(Saved data entries)
= = =

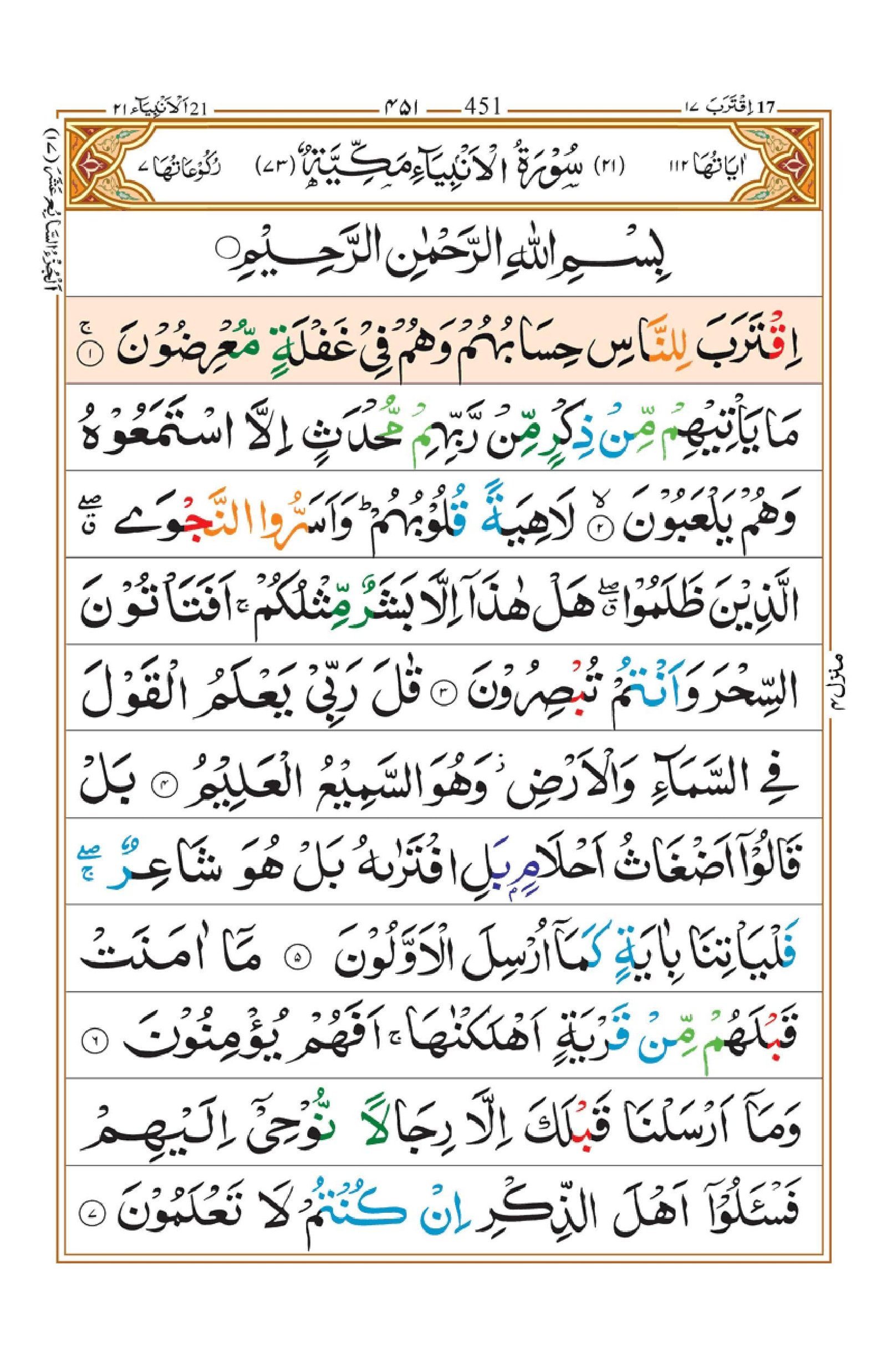 Surah Al-Anbiya in Tajweed
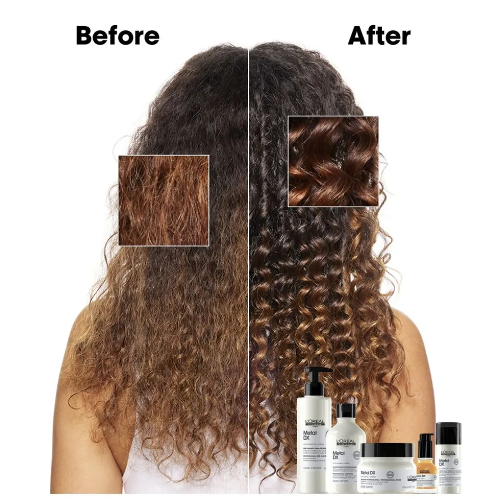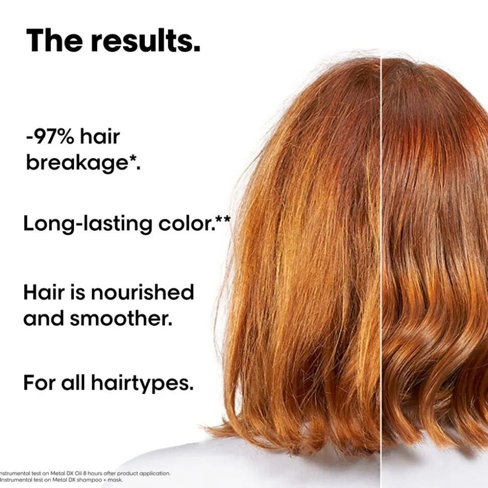 Dette sæt indeholder ministørrelser: Metal DX Shampoo 100ml + Metal DX Mask 75ml + Metal DX Concentrated Oil 30ml.
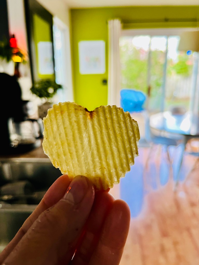 A HEART SHAPED POTATO CHIP. I both would want to save it forever and eat it immediately. What’s better than a ripple chip with dip?
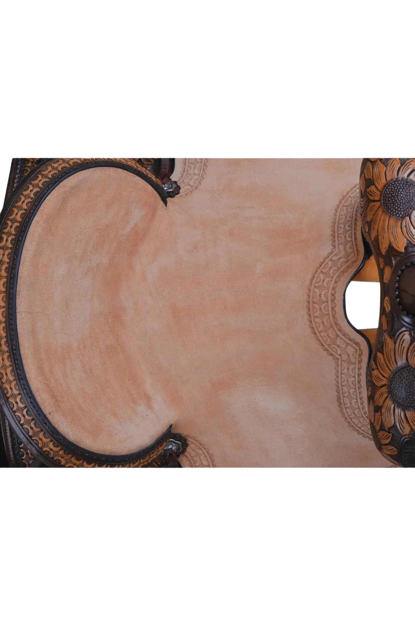 Designed with Martha Josey to provide a secure seat that's comfortable and performance-ready, the MJ51 Josey Cash You Are My Sunshine saddle is loaded with her favorite features and designed to impress. Custom border tooling accents the bold sunflower design of the skirts, and is enhanced with rich vintage leather. The matching flank cinch is included.
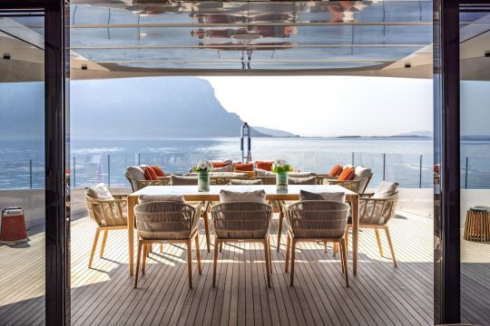 Spostandosi a poppa, si trovano una zona pranzo riparata, un salone centrale con piscina e balconi retrattili, e poi una piattaforma multifunzione dotata di un sistema di trasformazione. Quest'ultima si trova a soli cinquanta centimetri sopra la linea di galleggiamento, un dettaglio che cambia l'accesso al mare, soprattutto quando si è ancorati.
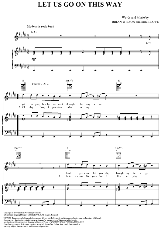 Digital Sheet Music for Let Us Go On This Way by Brian Wilson, The Beach Boys, Mike Love scored for Piano/Vocal/Chords; id:264193
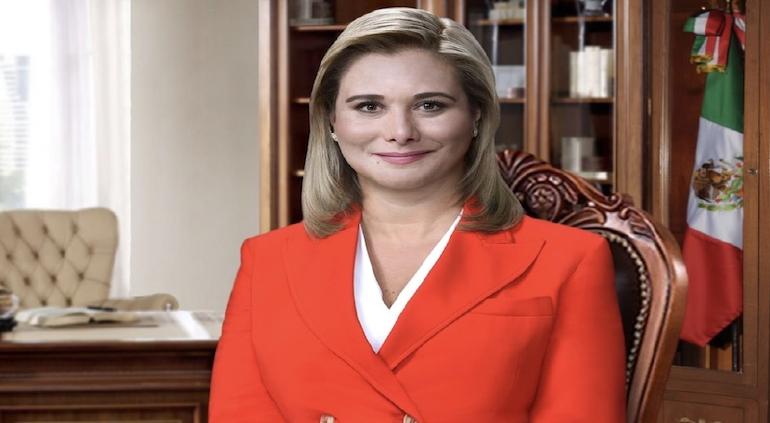 Con un traje sastre color naranja, Maru posa en una silla con las manos al frente, en segundo plano se observa un escritorio con una pluma y un libro. Al fondo un librero y la bandera de México.
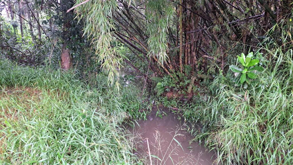Mesmo diante do reconhecimento oficial do território e da existência de ação judicial, a situação persiste. Registros fotográficos feitos durante a vistoria evidenciam o fluxo dos efluentes e os impactos diretos no território.
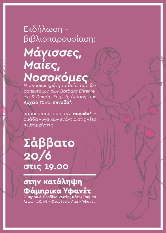 Βιβλιοπαρουσίαση του Μάγισσες, μαίες, νοσοκόμες: Η αποσιωπημένη ιστορία των θεραπευτριών, των Barbara Ehrenreich & Deirdre English, έκδοση από το Αρχείο 71 και Μιγάδα.
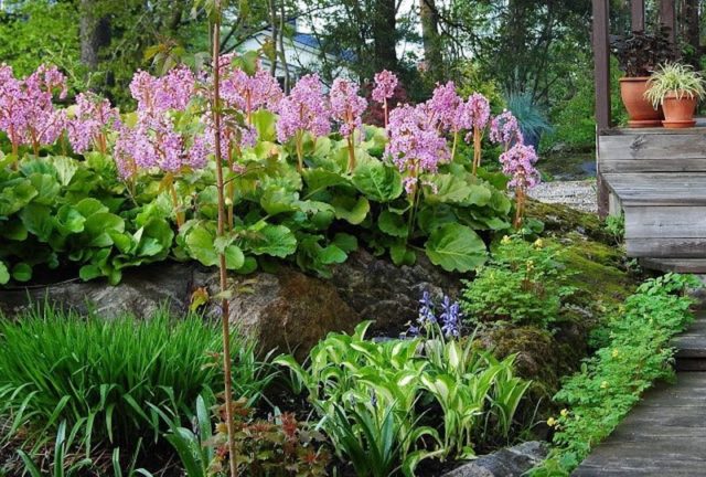 Bergenia je ideální pro výsadbu podél cest a jako popředí na záhonech a záhonech. V krajinářském designu se rostlina také používá k zdobení rybníků a jako jeden z prvků velkého mixborderu.

= = =

Omit the pictures. Print, word for word, the lines from the beginning of the entries above through the line that holds "Spostandosi a poppa, si".

FINISHED EXERCISE:
 Surah Al-Anbiya in Tajweed
 Dette sæt indeholder ministørrelser: Metal DX Shampoo 100ml + Metal DX Mask 75ml + Metal DX Concentrated Oil 30ml.
 A HEART SHAPED POTATO CHIP. I both would want to save it forever and eat it immediately. What’s better than a ripple chip with dip?
 Designed with Martha Josey to provide a secure seat that's comfortable and performance-ready, the MJ51 Josey Cash You Are My Sunshine saddle is loaded with her favorite features and designed to impress. Custom border tooling accents the bold sunflower design of the skirts, and is enhanced with rich vintage leather. The matching flank cinch is included.
 Spostandosi a poppa, si trovano una zona pranzo riparata, un salone centrale con piscina e balconi retrattili, e poi una piattaforma multifunzione dotata di un sistema di trasformazione. Quest'ultima si trova a soli cinquanta centimetri sopra la linea di galleggiamento, un dettaglio che cambia l'accesso al mare, soprattutto quando si è ancorati.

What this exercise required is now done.